« Ce n’est pas en étant obsédé par la dette que la droite séduira les classes populaires »

FIGAROVOX.- Vous consacrez le dernier numéro de Causeur à l’explosion de la droite. Quel bilan tirez-vous des élections européennes?
Élisabeth LÉVY.- Je suis comme beaucoup stupéfaite par la rapidité avec laquelle un parti que l’on croyait puissant, qui, sous une forme ou une autre, a toujours été présent au second tour de la présidentielle, se désintègre. Et comme tout le monde, j’hésite entre l’amusement et l’accablement quand j’entends les uns et les autres crier haro sur le baudet qu’hier ils feignaient d’adorer. Le plus étonnant, comme l’a observé Alain Finkielkraut, c’est qu’ils soient tout aussi volatiles pour les idées que pour les personnes: puisque «la ligne conservatrice» fait 8 %, changeons de ligne! Soyons jeunes et modernes! Après tout, il est trop facile de jeter la pierre: les élus veulent être réélus (encore que pas toujours), c’est compréhensible. Quoi qu’il en soit, on assiste à la suite logique de la recomposition menée sabre au clair par Emmanuel Macron. 
Que voulez-vous dire? Existe-t-il encore une place pour la droite entre le RN et LREM? 
Je veux dire que ces questions de boutiques n’ont pas un intérêt majeur. Il faudrait distinguer la tectonique des plaques culturelles, le lent mouvement des idées, des aspirations, des structures mentales, de la superstructure politique - les institutions et les partis qui donnent corps et vie à ces dynamiques souterraines. La première raison de la crise du système politique est précisément qu’il n’est plus l’expression de l’infrastructure anthropologique et des clivages qui la structurent. Peut-être que beaucoup de gens se sentent encore affectivement de droite ou (surtout) de gauche. Reste que cette summa divisio de l’espace politique n’est plus très opérante dès lors que les partis qu’elle a engendrés sont dépourvus de toute cohérence idéologique.

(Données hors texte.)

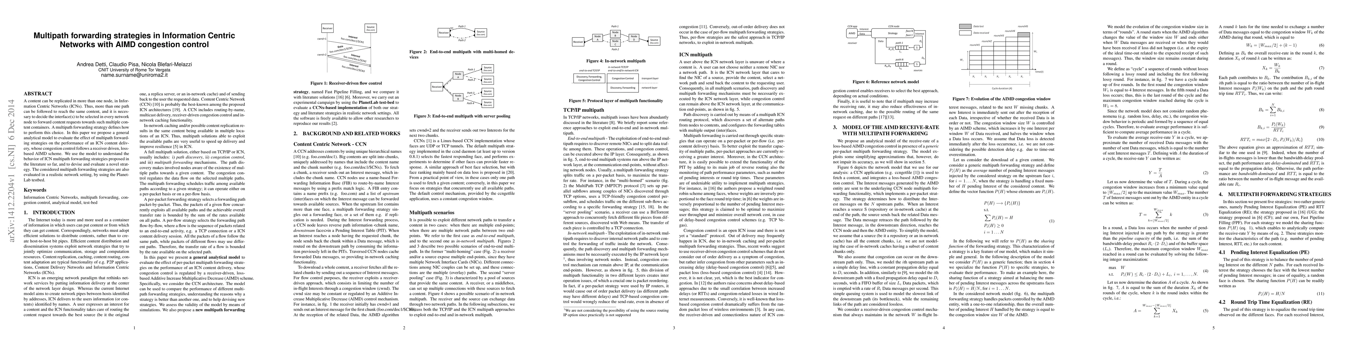 This paper proposes an analytical model to evaluate multipath forwarding strategies in Information Centric Networks (ICNs) that utilize an AIMD congestion control scheme. It analyzes existing strategies and introduces a novel approach, validated through experiments on the PlanetLab testbed.

En rassemblant la droite de la gauche et la gauche de la droite, qui étaient d’accord sur tout, sauf peut-être sur quelques coquetteries sémantiques, Emmanuel Macron a éclairci du paysage. En conjuguant la séduction facile du progressisme pour les nuls et la menace du désordre, le président est parvenu à rassembler et à tenir le bloc central de la société française, minoritaire mais homogène idéologiquement et sociologiquement - en somme, à créer ce qui s’apparente le plus à un parti de classe. Son camp est peut-être minoritaire mais il est relativement homogène dans ses intérêts et dans ses représentations. La clarification va désormais se poursuivre autour de ce bloc central. L’ennui, c’est que la sémantique ajoute à la confusion car nous ne savons pas encore nommer précisément les nouveaux clivages. Ainsi le terme «progressiste» a-t-il été auto-décerné, alors qu’à l’inverse, personne ne se réclame du «populisme». 
Vous ne répondez pas! Y a-t-il une place pour la droite?